- **ACTION ITEM**:
Give back, exactly as written, the lines from the first line of the data below through the line with "A1 Монтаж направляющих", and omit the pictures.

- **PROVIDED MATERIAL**:
§

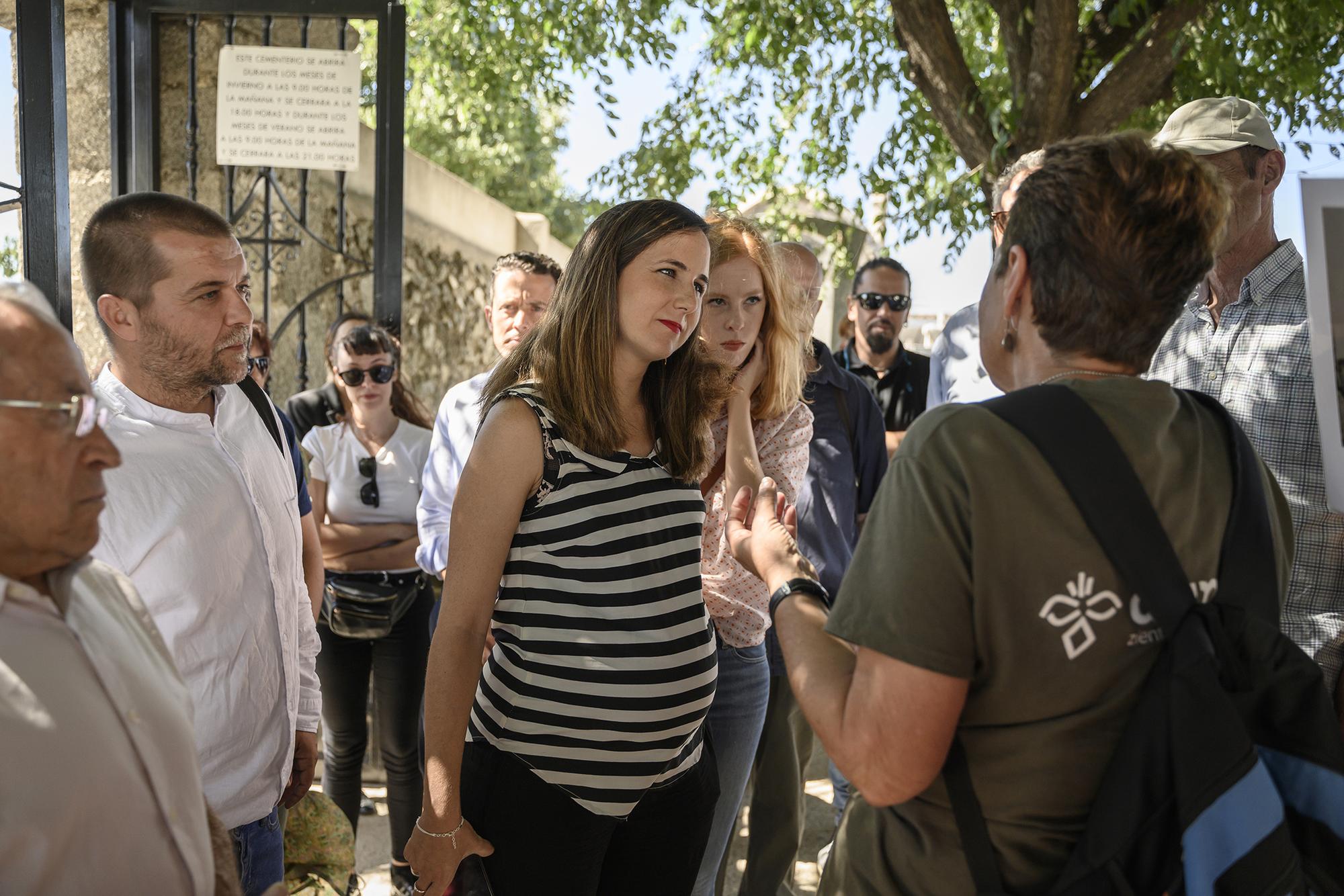 Un par de horas después, la secretaria general de Podemos y ministra de Derechos Sociales y Agenda 2030, Ione Belarra, acude al lugar para dar su apoyo. “Es importante mandar un mensaje muy claro: esta gente representa lo mejor de nuestro país, representa a la gente que defendió la legalidad democrática, la democracia y también la legalidad frente a la barbarie, el franquismo y el autoritarismo. Ya era hora de que las instituciones públicas, y especialmente el Gobierno de España, hiciera lo que estamos haciendo, que es apoyar la verdad, la justicia, la reparación y los actos de memoria como este”.
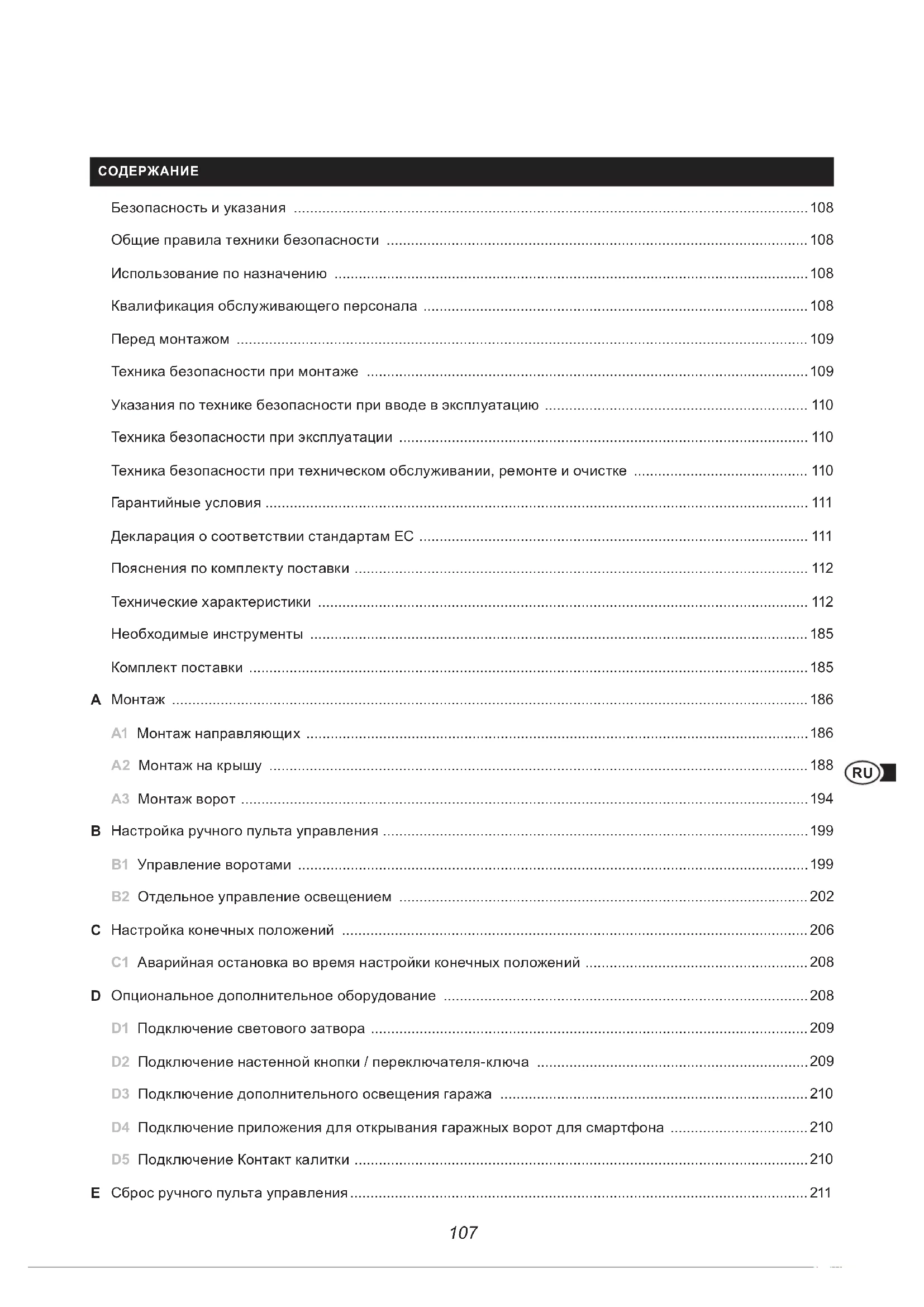 A1 Монтаж направляющих A2 Монтаж на крышу A3 Монтаж ворот Настройка ручного пульта управления B1 Управление воротами B2 Отдельное управление освещением Настройка конечных положений C1 Аварийная остановка во время настройки конечных положений Опциональное дополнительное оборудование D1 Подключение светового затвора D2 Подключение настенной кнопки / переключателя-ключа D3 Подключение дополнительного освещения гаража D4 Подключение приложения для открывания гаражных ворот для смартфона D5 Подключение Контакт калитки Сброс ручного пульта управления
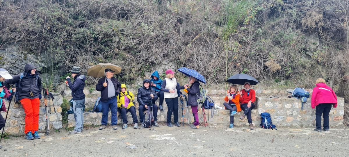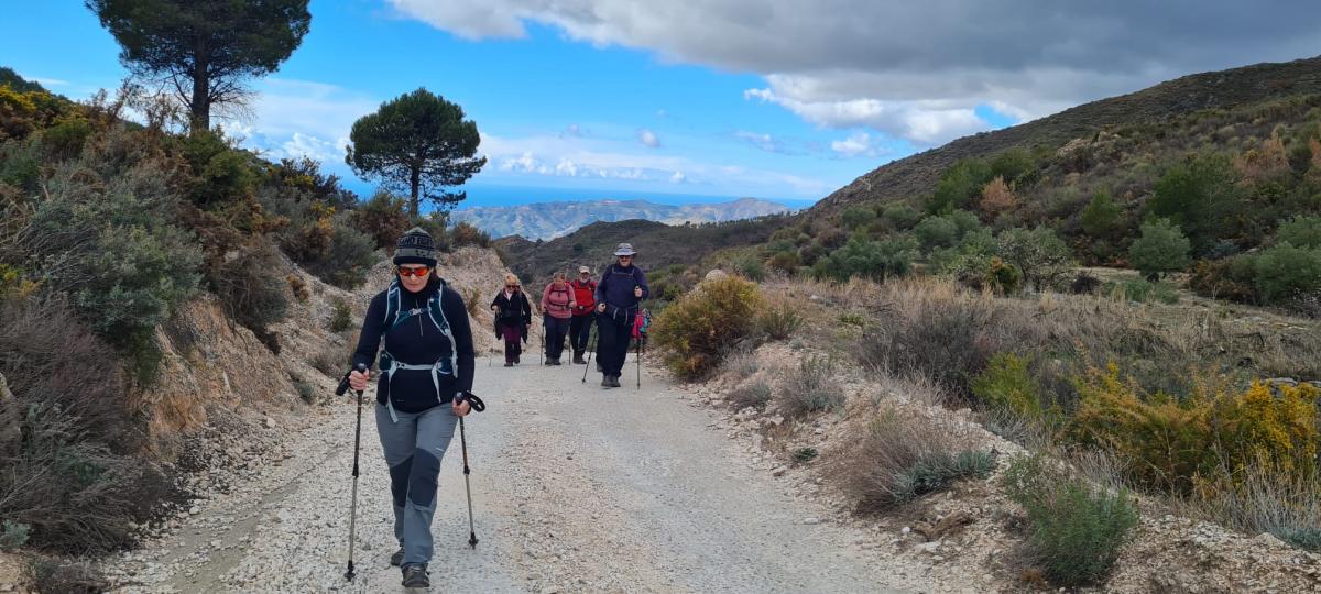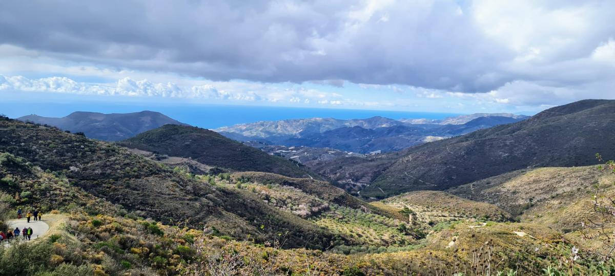 Esta vez éramos menos, apenas unos veinte. Repartidos los andarines y andarinas de esta inmarcesible peña en seis coches, a las nueve de la mañana del sábado 25 de febrero de 2023 emprendíamos la marcha desde la rotonda del Tío Oxidao rumbo al sur. El meteoro manda, y como las previsiones apuntaban que en la zona a la que en principio nos íbamos a desplazar, Beas, era muy posible que nos cayera la mundial, a última hora de la víspera se acordó dejar esa excursión para más adelante y en su lugar hacer ese día otra distinta, programada en el calendario para el mes de noviembre. Nuestro destino era el pueblo cercano a la costa cuyo nombre es Ítrabo (Itrabo para Canal Sur), situado en la falda de la loma de Bodíjar, estribaciones de la sierra de los Guájares (Guajares para Canal Sur).

§

- **EXERCISE ANSWER**:
 Un par de horas después, la secretaria general de Podemos y ministra de Derechos Sociales y Agenda 2030, Ione Belarra, acude al lugar para dar su apoyo. “Es importante mandar un mensaje muy claro: esta gente representa lo mejor de nuestro país, representa a la gente que defendió la legalidad democrática, la democracia y también la legalidad frente a la barbarie, el franquismo y el autoritarismo. Ya era hora de que las instituciones públicas, y especialmente el Gobierno de España, hiciera lo que estamos haciendo, que es apoyar la verdad, la justicia, la reparación y los actos de memoria como este”.
 A1 Монтаж направляющих A2 Монтаж на крышу A3 Монтаж ворот Настройка ручного пульта управления B1 Управление воротами B2 Отдельное управление освещением Настройка конечных положений C1 Аварийная остановка во время настройки конечных положений Опциональное дополнительное оборудование D1 Подключение светового затвора D2 Подключение настенной кнопки / переключателя-ключа D3 Подключение дополнительного освещения гаража D4 Подключение приложения для открывания гаражных ворот для смартфона D5 Подключение Контакт калитки Сброс ручного пульта управления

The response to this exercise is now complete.